Start of PROVIDED MATERIAL

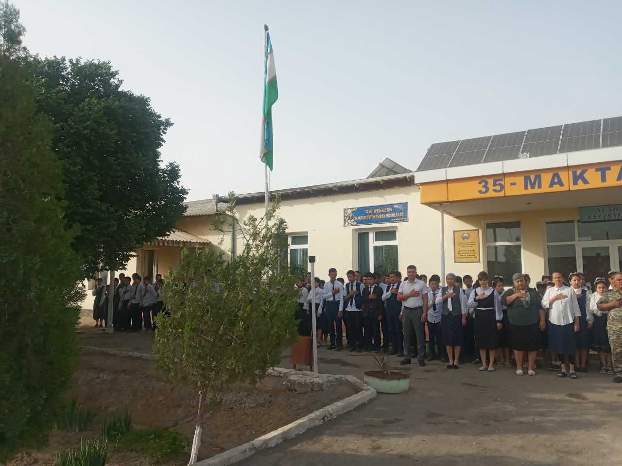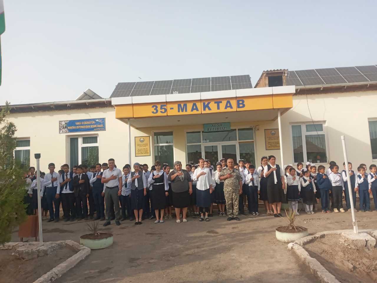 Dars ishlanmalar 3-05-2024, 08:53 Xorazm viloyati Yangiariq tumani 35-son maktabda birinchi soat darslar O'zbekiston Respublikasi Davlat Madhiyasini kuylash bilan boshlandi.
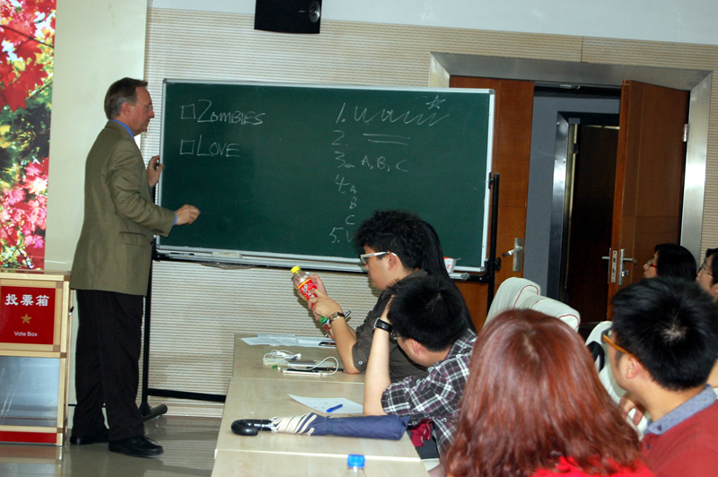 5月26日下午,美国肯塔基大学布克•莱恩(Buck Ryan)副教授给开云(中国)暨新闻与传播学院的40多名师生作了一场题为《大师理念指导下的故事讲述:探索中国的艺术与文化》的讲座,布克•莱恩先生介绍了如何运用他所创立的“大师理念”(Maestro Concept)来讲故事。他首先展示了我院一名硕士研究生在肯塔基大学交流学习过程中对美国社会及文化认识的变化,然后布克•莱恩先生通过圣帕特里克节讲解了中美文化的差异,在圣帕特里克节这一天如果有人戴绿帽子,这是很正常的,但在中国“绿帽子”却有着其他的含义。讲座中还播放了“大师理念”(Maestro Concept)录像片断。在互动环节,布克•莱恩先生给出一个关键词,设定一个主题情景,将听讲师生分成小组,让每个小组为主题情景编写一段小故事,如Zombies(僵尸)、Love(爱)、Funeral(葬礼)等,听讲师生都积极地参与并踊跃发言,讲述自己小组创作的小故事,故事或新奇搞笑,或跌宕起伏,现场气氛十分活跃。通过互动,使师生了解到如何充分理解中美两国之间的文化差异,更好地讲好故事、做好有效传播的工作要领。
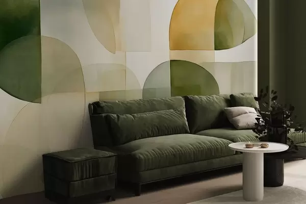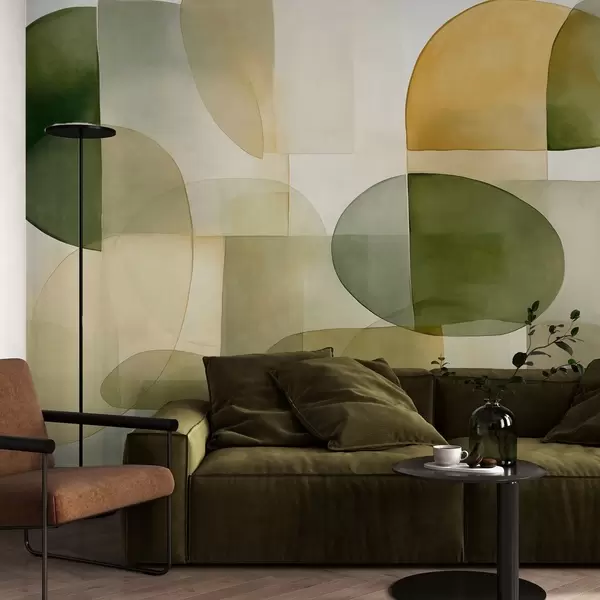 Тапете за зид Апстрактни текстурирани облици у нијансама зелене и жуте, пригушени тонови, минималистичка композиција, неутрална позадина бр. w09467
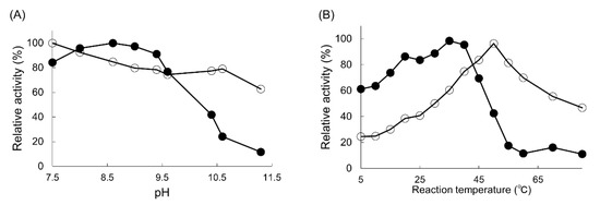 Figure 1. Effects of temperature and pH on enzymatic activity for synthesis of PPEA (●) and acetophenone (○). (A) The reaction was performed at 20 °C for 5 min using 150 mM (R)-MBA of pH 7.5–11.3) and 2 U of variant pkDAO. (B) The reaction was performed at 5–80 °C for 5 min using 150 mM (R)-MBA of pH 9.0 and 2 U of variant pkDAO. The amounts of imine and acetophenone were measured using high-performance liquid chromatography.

End of PROVIDED MATERIAL

WHAT IS BEING ASKED:
Restate the whole listing exactly as written, minus the pictures.

SOLUTION TO THIS PROBLEM:
 Dars ishlanmalar 3-05-2024, 08:53 Xorazm viloyati Yangiariq tumani 35-son maktabda birinchi soat darslar O'zbekiston Respublikasi Davlat Madhiyasini kuylash bilan boshlandi.
 5月26日下午,美国肯塔基大学布克•莱恩(Buck Ryan)副教授给开云(中国)暨新闻与传播学院的40多名师生作了一场题为《大师理念指导下的故事讲述:探索中国的艺术与文化》的讲座,布克•莱恩先生介绍了如何运用他所创立的“大师理念”(Maestro Concept)来讲故事。他首先展示了我院一名硕士研究生在肯塔基大学交流学习过程中对美国社会及文化认识的变化,然后布克•莱恩先生通过圣帕特里克节讲解了中美文化的差异,在圣帕特里克节这一天如果有人戴绿帽子,这是很正常的,但在中国“绿帽子”却有着其他的含义。讲座中还播放了“大师理念”(Maestro Concept)录像片断。在互动环节,布克•莱恩先生给出一个关键词,设定一个主题情景,将听讲师生分成小组,让每个小组为主题情景编写一段小故事,如Zombies(僵尸)、Love(爱)、Funeral(葬礼)等,听讲师生都积极地参与并踊跃发言,讲述自己小组创作的小故事,故事或新奇搞笑,或跌宕起伏,现场气氛十分活跃。通过互动,使师生了解到如何充分理解中美两国之间的文化差异,更好地讲好故事、做好有效传播的工作要领。
 Тапете за зид Апстрактни текстурирани облици у нијансама зелене и жуте, пригушени тонови, минималистичка композиција, неутрална позадина бр. w09467
 Figure 1. Effects of temperature and pH on enzymatic activity for synthesis of PPEA (●) and acetophenone (○). (A) The reaction was performed at 20 °C for 5 min using 150 mM (R)-MBA of pH 7.5–11.3) and 2 U of variant pkDAO. (B) The reaction was performed at 5–80 °C for 5 min using 150 mM (R)-MBA of pH 9.0 and 2 U of variant pkDAO. The amounts of imine and acetophenone were measured using high-performance liquid chromatography.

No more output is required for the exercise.